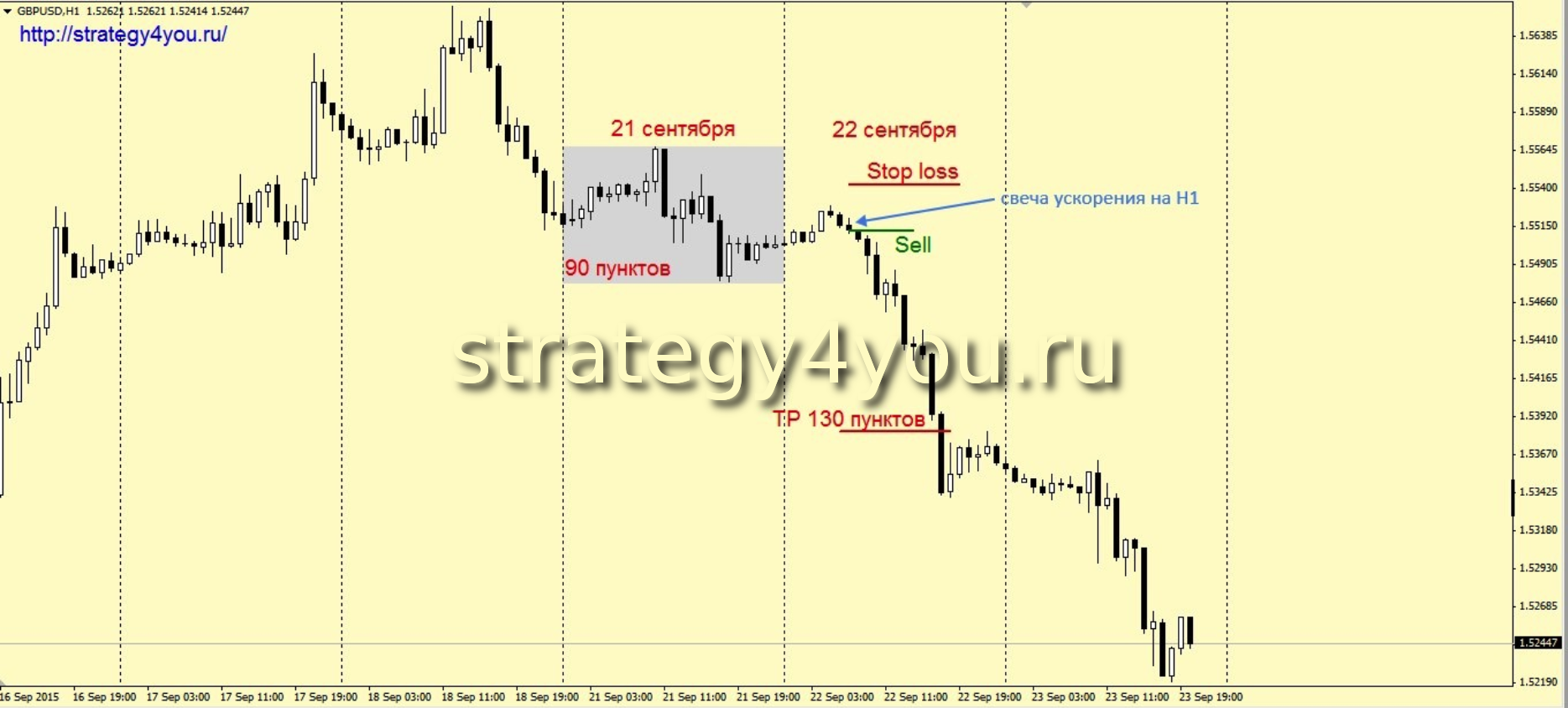 2) После перехода на часовой график сразу следует установить ордер селл-стоп ниже минимума сформированной свечи ускорения ровно на 5 пунктов.
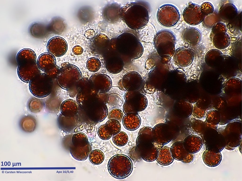 Die Alge ist auch oft mit Rädertieren vergesellschaftet, sie sich an ihnen laben und dadurch ähnlich rot werden:
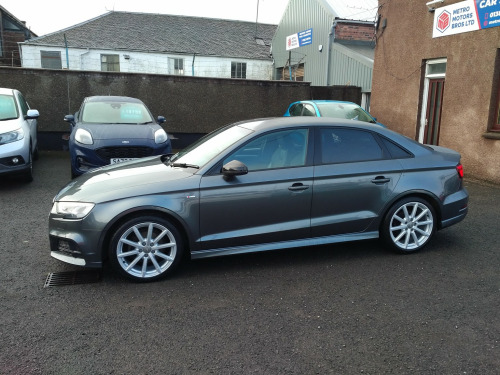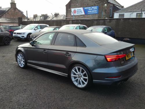 This 2017 Audi A3 TFSI Black Edition offers exceptional value with its comprehensive service history and a generous 6 months warranty for your peace of mind. This stylish saloon, featuring the sought after Black Edition trim, is powered by an efficient 1.4 litre petrol engine that meets Euro 6 emissions standards. With a low mileage of just 61,564 miles for its age, this A3 is in excellent condition. Notable features include rear parking sensors for easier manoeuvring, headlight washers, and an automatic light and rain sensor system. Inside, youll appreciate the dual zone electronic climate control and the advanced LED headlights with dynamic rear indicators. , The Audi A3 TFSI Black Edition stands out with its impressive fuel economy, achieving up to 59 miles per gallon, which is a significant advantage for keeping running costs down compared to many other vehicles in its class. Its low CO2 emissions further contribute to its economical profile. A 12 month MOT will be provided upon purchase, ensuring the vehicle is roadworthy and ready for your journeys. This combination of low mileage, excellent fuel efficiency, and a strong service record makes this Audi A3 a compelling choice. , 12 Months MOT, 6 Months Warranty, Privacy Glass, Leather Trim, 6 Speed, Sat Nav, Cruise Control, Sports Front Seats/Steering Wheel, Computer System. , Finance Example, , Price £ 13495	, Deposit £ 995, Amount of Credit £ 12500, Monthly Payment £ 268.02, Term 60 Months, APR 10.9%, Charge for Credit  £ 3582.20, Total Amount Payable £ 17,077.20, , Credit subject to status, , Thank you for viewing our car. Please contact us to arrange an appointment to view the car. All cars at Metro Motors come supplied with a minimum of 12 months MOT and 6 months warranty. An Experian Car Data Report can be produced on request. Part Exchanges are welcome. Nil deposit finance packages are available on all our vehicles and can be taken out over a term of up to 72 months. Subject to status. Please do not hesitate to contact us for more information. www.metromotors.co.uk or [email protected] or 01382 819764

* WHAT THE EXERCISE ASKS *
When you write out the material, keep every line exact and leave out each picture.

* WRITTEN RESPONSE *
 2) После перехода на часовой график сразу следует установить ордер селл-стоп ниже минимума сформированной свечи ускорения ровно на 5 пунктов.
 Die Alge ist auch oft mit Rädertieren vergesellschaftet, sie sich an ihnen laben und dadurch ähnlich rot werden:
 This 2017 Audi A3 TFSI Black Edition offers exceptional value with its comprehensive service history and a generous 6 months warranty for your peace of mind. This stylish saloon, featuring the sought after Black Edition trim, is powered by an efficient 1.4 litre petrol engine that meets Euro 6 emissions standards. With a low mileage of just 61,564 miles for its age, this A3 is in excellent condition. Notable features include rear parking sensors for easier manoeuvring, headlight washers, and an automatic light and rain sensor system. Inside, youll appreciate the dual zone electronic climate control and the advanced LED headlights with dynamic rear indicators. , The Audi A3 TFSI Black Edition stands out with its impressive fuel economy, achieving up to 59 miles per gallon, which is a significant advantage for keeping running costs down compared to many other vehicles in its class. Its low CO2 emissions further contribute to its economical profile. A 12 month MOT will be provided upon purchase, ensuring the vehicle is roadworthy and ready for your journeys. This combination of low mileage, excellent fuel efficiency, and a strong service record makes this Audi A3 a compelling choice. , 12 Months MOT, 6 Months Warranty, Privacy Glass, Leather Trim, 6 Speed, Sat Nav, Cruise Control, Sports Front Seats/Steering Wheel, Computer System. , Finance Example, , Price £ 13495	, Deposit £ 995, Amount of Credit £ 12500, Monthly Payment £ 268.02, Term 60 Months, APR 10.9%, Charge for Credit  £ 3582.20, Total Amount Payable £ 17,077.20, , Credit subject to status, , Thank you for viewing our car. Please contact us to arrange an appointment to view the car. All cars at Metro Motors come supplied with a minimum of 12 months MOT and 6 months warranty. An Experian Car Data Report can be produced on request. Part Exchanges are welcome. Nil deposit finance packages are available on all our vehicles and can be taken out over a term of up to 72 months. Subject to status. Please do not hesitate to contact us for more information. www.metromotors.co.uk or [email protected] or 01382 819764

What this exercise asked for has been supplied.